Lead author Zackary Firestone emphasizes that synthetic routes facilitate biological testing and derivative development, moving beyond limited natural sources.

The project, led by Firestone at the Smith Laboratory of FSU, fits into broader efforts in organic synthesis aimed at enabling new small-molecule drug development, with potential cancer applications.

Coauthors Thiago A. Grigolo and Filipe G. Pernichelle contributed to the study, highlighting the role of natural products and synthetic chemistry in expanding medicinal chemistry pipelines, with NIH and NSF support.

Epi-tetradehydrohalicyclamine B, identified in 2019, draws attention for its unique structure and pharmaceutical potential; the team synthesized both molecules in enantiomerically appropriate form to achieve the desired biological activity.
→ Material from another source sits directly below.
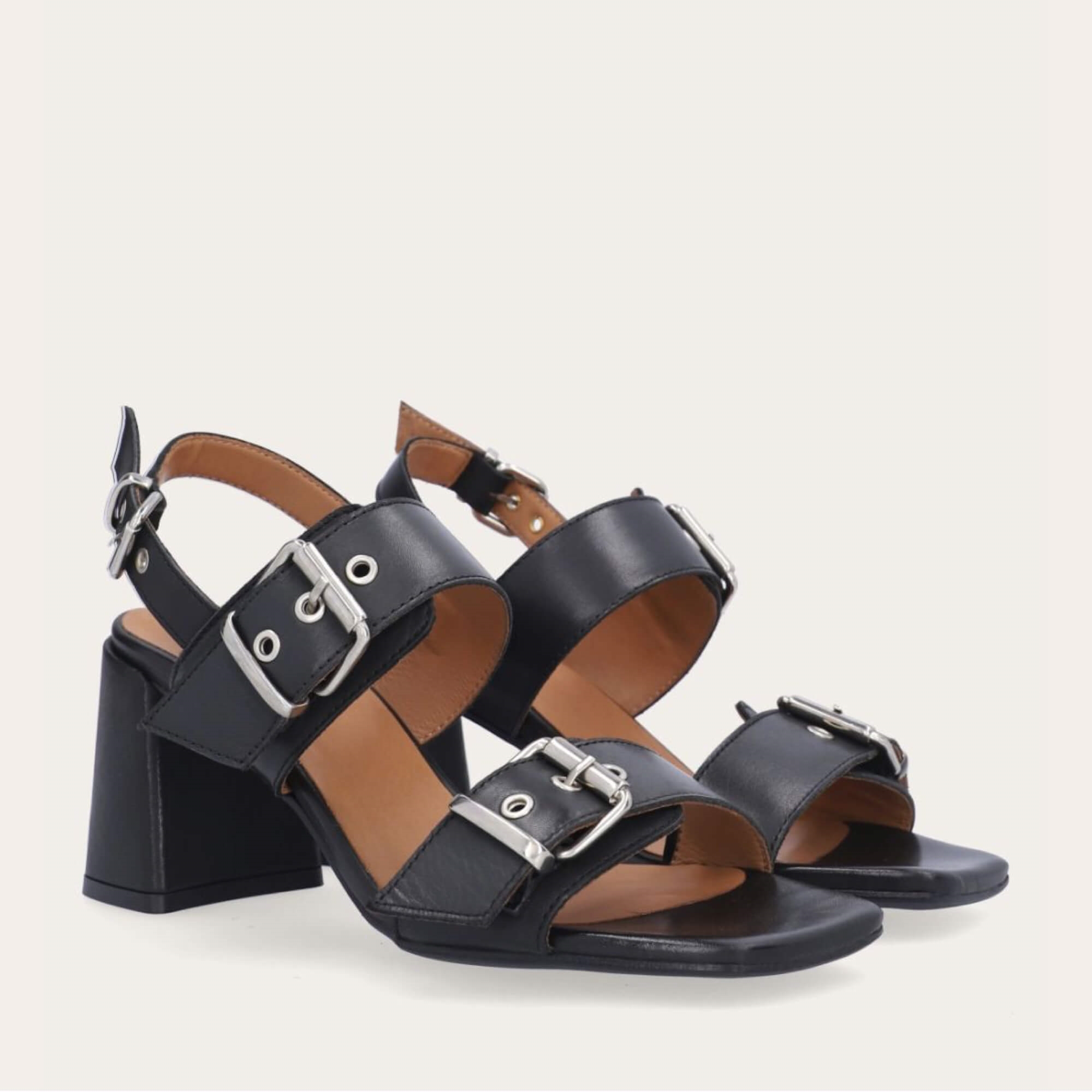 Håndlavet slingback sandal i sort, glat skind med firkantet tå. Sandalen har to stropper over foden og en rem rundt om anklen med sølvspænder. Den høje blokhæl er betrukket med skind og giver et stilrent og elegant udtryk.

The findings were published in the Journal of the American Chemical Society earlier this year, underscoring the value of synthetic access to marine natural products for medicinal chemistry.

These compounds can inhibit proteasomes, a key mechanism for stressing and killing cancer cells, with implications for treating cancers such as multiple myeloma and mantle cell lymphoma.

This work marks the first successful total synthesis of both compounds, enabling scalable procurement and focused modification for drug discovery.

The synthesis provides sufficient quantities for comprehensive testing and exploration of structural derivatives to improve therapeutic properties and accelerate cancer drug development.

FSU researchers have achieved the first total synthesis of two marine natural products, tetradehydrohalicyclamine B and epi-tetradehydrohalicyclamine B, enabling easier procurement and modification for drug discovery and testing.

Synthetic access reduces dependence on scarce sponge samples and provides larger quantities, while allowing researchers to create derivatives for enhanced activity or properties.

FSU’s legacy in molecular synthesis, connected to historic achievements like Taxol synthesis, frames this work within a broader mission to develop small-molecule drugs for cancer and neurological diseases.

The study, conducted under the Smith Laboratory and published in the Journal of the American Chemical Society, involved collaboration with Joel M. Smith and was supported by NIH and NSF.